On Sun, 26 Feb 2017 23:09:59 -0500, Matt Harbison wrote:
> On Sun, 26 Feb 2017 08:28:01 -0500, Yuya Nishihara <yuya@tcha.org> wrote:
> > This is a dirty hack to make hgwebdir serve a repo at '/'.
> >
> > diff --git a/mercurial/hgweb/hgweb_mod.py b/mercurial/hgweb/hgweb_mod.py
> > --- a/mercurial/hgweb/hgweb_mod.py
> > +++ b/mercurial/hgweb/hgweb_mod.py
> > @@ -335,7 +335,7 @@ class hgweb(object):
> >          req.url = req.env['SCRIPT_NAME']
> >          if not req.url.endswith('/'):
> >              req.url += '/'
> > -        if 'REPO_NAME' in req.env:
> > +        if req.env.get('REPO_NAME'):
> >              req.url += req.env['REPO_NAME'] + '/'
> >         if 'PATH_INFO' in req.env:
> > diff --git a/mercurial/hgweb/hgwebdir_mod.py  
> > b/mercurial/hgweb/hgwebdir_mod.py
> > --- a/mercurial/hgweb/hgwebdir_mod.py
> > +++ b/mercurial/hgweb/hgwebdir_mod.py
> > @@ -254,18 +254,19 @@ class hgwebdir(object):
> >                  return []
> >             # top-level index
> > -            elif not virtual:
> > +            elif False:
> >                  req.respond(HTTP_OK, ctype)
> >                  return self.makeindex(req, tmpl)
> >             # nested indexes and hgwebs
> >             repos = dict(self.repos)
> > -            virtualrepo = virtual
> > -            while virtualrepo:
> > -                real = repos.get(virtualrepo)
> > +            # XXX dirty hack to handle ''. IIRC, we have a helper  
> > function
> > +            virtualrepo = '/' + virtual
> > +            while True:
> > +                real = repos.get(virtualrepo[1:])
> >                  if real:
> > -                    req.env['REPO_NAME'] = virtualrepo
> > +                    req.env['REPO_NAME'] = virtualrepo[1:]
> >                      try:
> >                          # ensure caller gets private copy of ui
> >                          repo = hg.repository(self.ui.copy(), real)
> 
> Oh, nice! Thanks for this.
> 
> Can you clarify what you mean by the hack?

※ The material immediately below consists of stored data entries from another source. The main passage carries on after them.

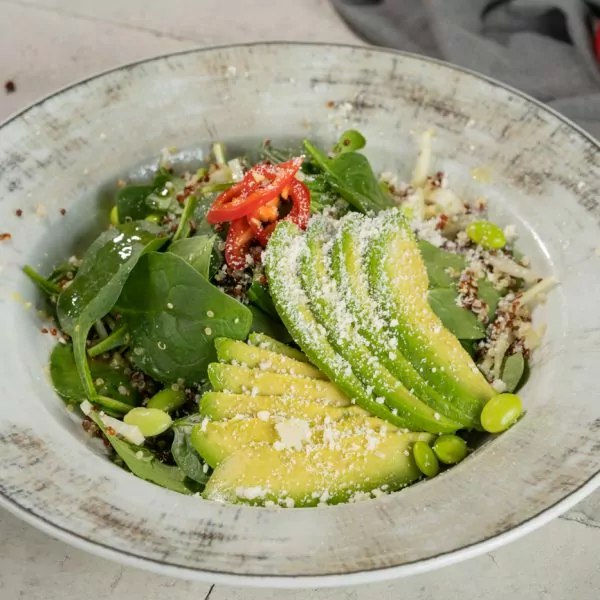 Spinat, fenkol, kinoa, avokaado, edamame oad, parmesani juust, tšillipipar, ingveri-meekaste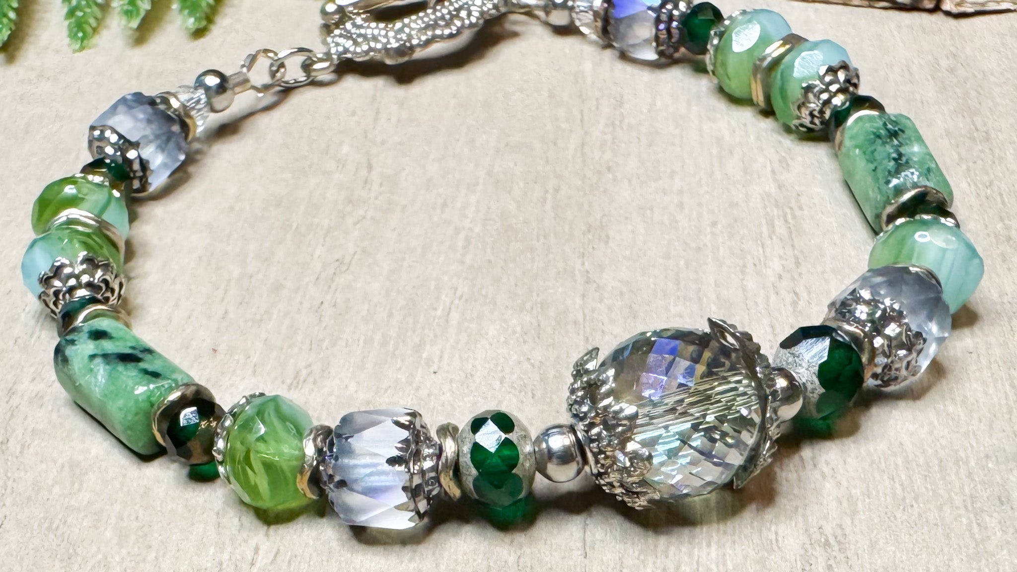Azurite Malachite Czech Bracelet, 7 1/2 inches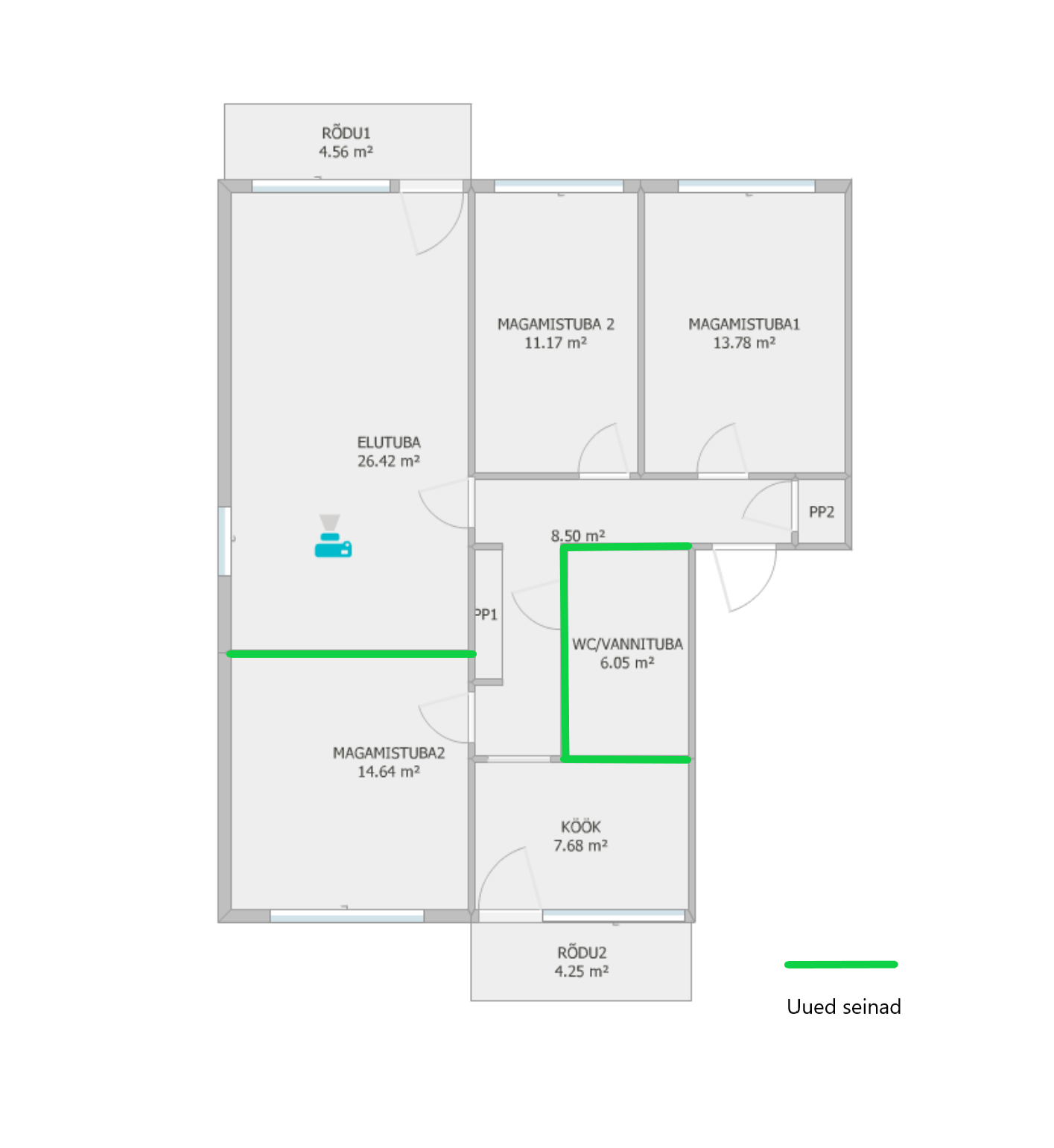 *Seinakarkassi ehitus ja kipsplaadi paigaldus (ruumi asukoht sama, vanad seinad lammutatud, kanalisatsiooni püstaku/veetorude ühendus loodud)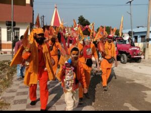 हल्दूचौड़ क्षेंत्र के शिव भक्त शिवरात्री की पूर्व संध्या पर आज हरिद्वार से गंगाजल जल लेकर हिरण बाबा शिव मंदिर दोलिया डी क्लास पहुंचें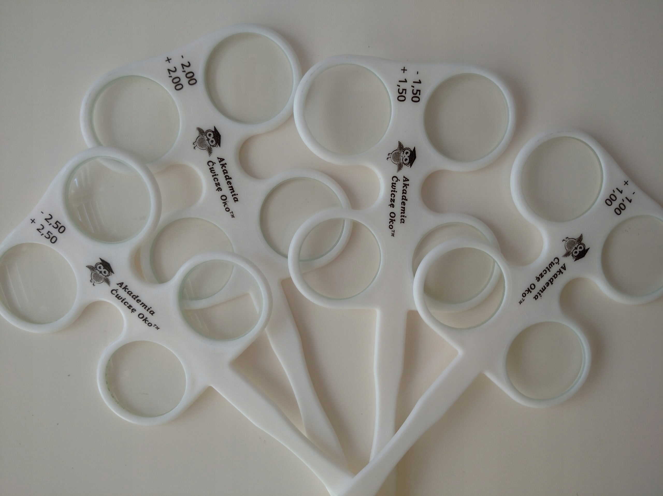 Наші ласти виготовлені з білого гнучкого пластику. На кожному фліппері надруковані значення потужності вставлених лінз, а також позитивні та негативні сторони лінз.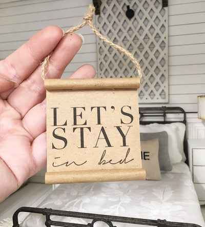 Miniature Dollhouse 1:12 Scale | Miniature Farmhouse Scroll Sign Lets Stay In Bed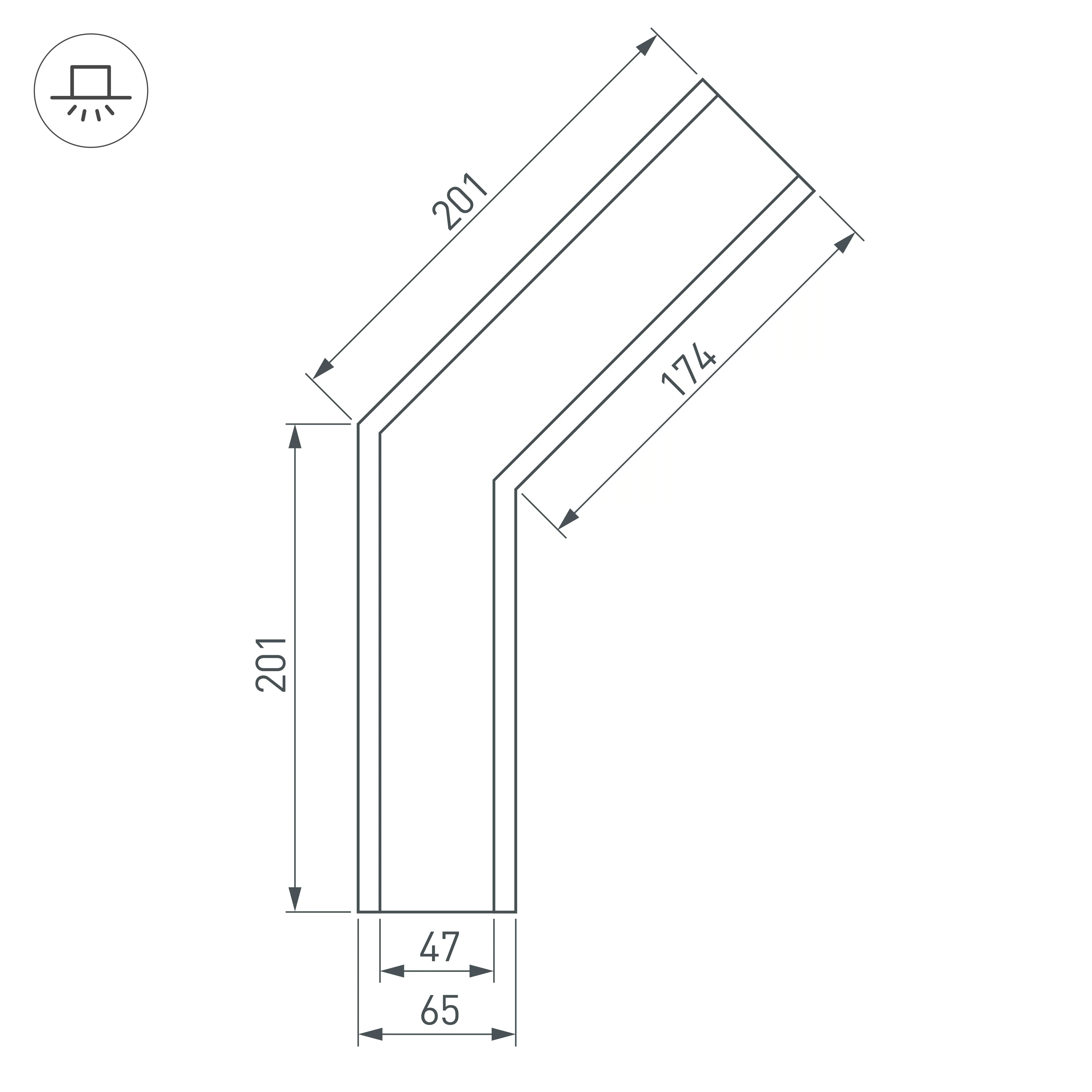 Угол в сборе, для профиля SL-LINIA65-F. 135°. В комплекте угол с экраном, соединители, винты, шестигранный ключ.

I wrote that code without thinking an edge case nor what would be the best way.
That's all.

> It seems like adding '/' to  
> paths isn't all that uncommon (especially in subrepo code), and the  
> closest I could find to a helper for removing '/' is  
> hgwebdir_mod.cleannames().  But that takes a list and also does a  
> util.pconvert().

Ok, found it. What I had in mind was util.finddirs(), which requires the first
'/' though.

> Just a couple lines above this, 'virtual' is cleaned up with  
> string.strip('/').  (That's interesting, because then I can't see how the  
> "virtual.startswith('static/')" tests can ever be true.  It looks like  
> this was papered over in 74f65f44a9aa?)

'virtual/foo', maybe.

Patch

diff --git a/mercurial/hgweb/hgweb_mod.py b/mercurial/hgweb/hgweb_mod.py
--- a/mercurial/hgweb/hgweb_mod.py
+++ b/mercurial/hgweb/hgweb_mod.py
@@ -335,7 +335,7 @@  class hgweb(object):
         req.url = req.env['SCRIPT_NAME']
         if not req.url.endswith('/'):
             req.url += '/'
-        if 'REPO_NAME' in req.env:
+        if req.env.get('REPO_NAME'):
             req.url += req.env['REPO_NAME'] + '/'
 
         if 'PATH_INFO' in req.env:
diff --git a/mercurial/hgweb/hgwebdir_mod.py b/mercurial/hgweb/hgwebdir_mod.py
--- a/mercurial/hgweb/hgwebdir_mod.py
+++ b/mercurial/hgweb/hgwebdir_mod.py
@@ -254,18 +254,19 @@  class hgwebdir(object):
                 return []
 
             # top-level index
-            elif not virtual:
+            elif False:
                 req.respond(HTTP_OK, ctype)
                 return self.makeindex(req, tmpl)
 
             # nested indexes and hgwebs
 
             repos = dict(self.repos)
-            virtualrepo = virtual
-            while virtualrepo:
-                real = repos.get(virtualrepo)
+            # XXX dirty hack to handle ''. IIRC, we have a helper function
+            virtualrepo = '/' + virtual
+            while True:
+                real = repos.get(virtualrepo[1:])
                 if real:
-                    req.env['REPO_NAME'] = virtualrepo
+                    req.env['REPO_NAME'] = virtualrepo[1:]
                     try:
                         # ensure caller gets private copy of ui
                         repo = hg.repository(self.ui.copy(), real)